Sernik był rozchwytywany, a chwytak w użyciu do ostatniego kawałka. Test zaliczony na plus. Takie szczypce może nie są czymś niezbędnym w kuchni, ale na pewno przydatnym... Swoje kupiłam w sklepie ze starociami Retro - bibelot. Ten stary, platerowany srebrem  przedmiot oprócz swojej użytkowej funkcji  pełni także (a może przede wszystkim) rolę dość oryginalnej dekoracji stołu. Przyciąga wzrok i myślę, że zwykły podwieczorek może zamienić w eleganckie tete-a-tete😍


Wspaniałych Walentynek
        Ania

31.01.2024

Stare nowe piękne

 Witam ♥︎♥︎♥︎
Styczeń dobiega końca, a wraz z nim często i nasze noworoczne postanowienia. Ja na szczęście, by uniknąć niepotrzebnych frustracji takowych nie czynię, nie znaczy to jednak, że nie korzystam z tej siły napędowej, jaką daje początek roku... To czas, kiedy łatwiej mi się zmobilizować  i wykrzesać  chęci, by zająć się rzeczami, które z różnych powodów ciągną się za mną już od jakiegoś czasu. Urządzanie domu na wsi to właśnie taka ciągnąca się i wciąż otwarta historia. Bo choć dom stoi już ponad jedenaście lat to wewnątrz wciąż brakuje mu wielu przedmiotów.  Ostatnio udało mi się troszkę go doposażyć... np. w krzesło do mojego biurka.  Po długim namyśle zdecydowałam się na tańszą wersję (czyli podróbkę:))) słynnego Victoria Ghost /tutaj/  Krzesło jest transparentne, wiec jego lekka forma nie przytłacza biurka.  Po za tym jest dość wygodne i ma dobrze wyprofilowane oparcie.  Myślę, że idealnie wkomponowało się w mój kącik biurowy, dając też świetny efekt wizualny.

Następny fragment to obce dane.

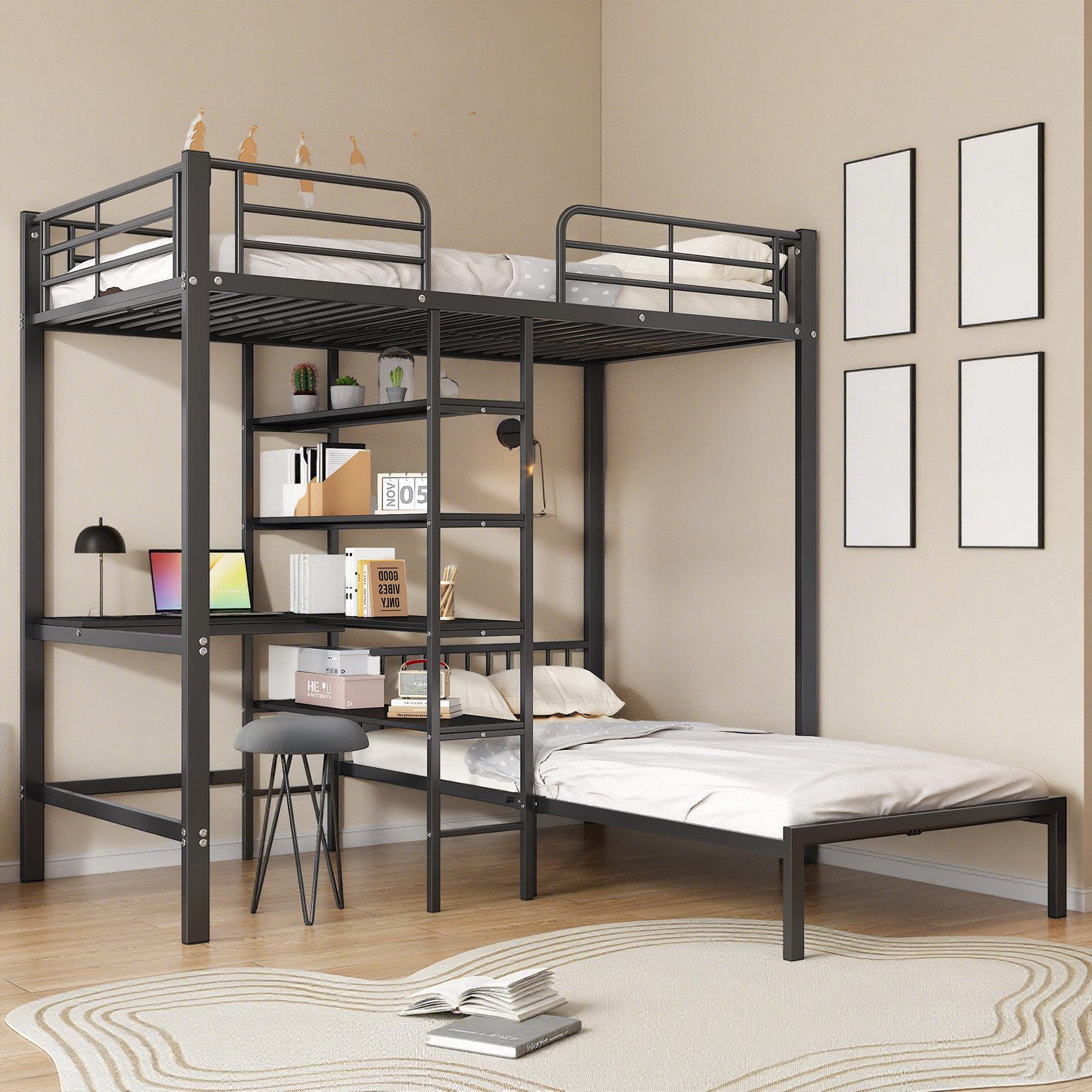 Ausstattung | Eisenbett Funktionsbett Stauraumbett Kinderbett mit Tisch und Regalen mit fünfstufige rechtwinklige Leiter, vier Seitengitter am oberen Bett |

W końcu też zagospodarowałam pustą ścianę nad konsolą (ufff) Pierwotnie miała być na niej mała galeria obrazów.  Ale, że nie jestem wielką fanką gotowych, drukowanych obrazków, a zbieranie ciekawych grafik i rycin idzie mi dość mozolnie - koncepcja musiała ulec zmianie. Póki co nad konsolą zawisło lustro... prostokątne w prostej, ale ładnie wybarwionej,  drewnianej ramie /tutaj/  Ostatecznie lustro to też obraz... tyle że zmieniający się, żywy:)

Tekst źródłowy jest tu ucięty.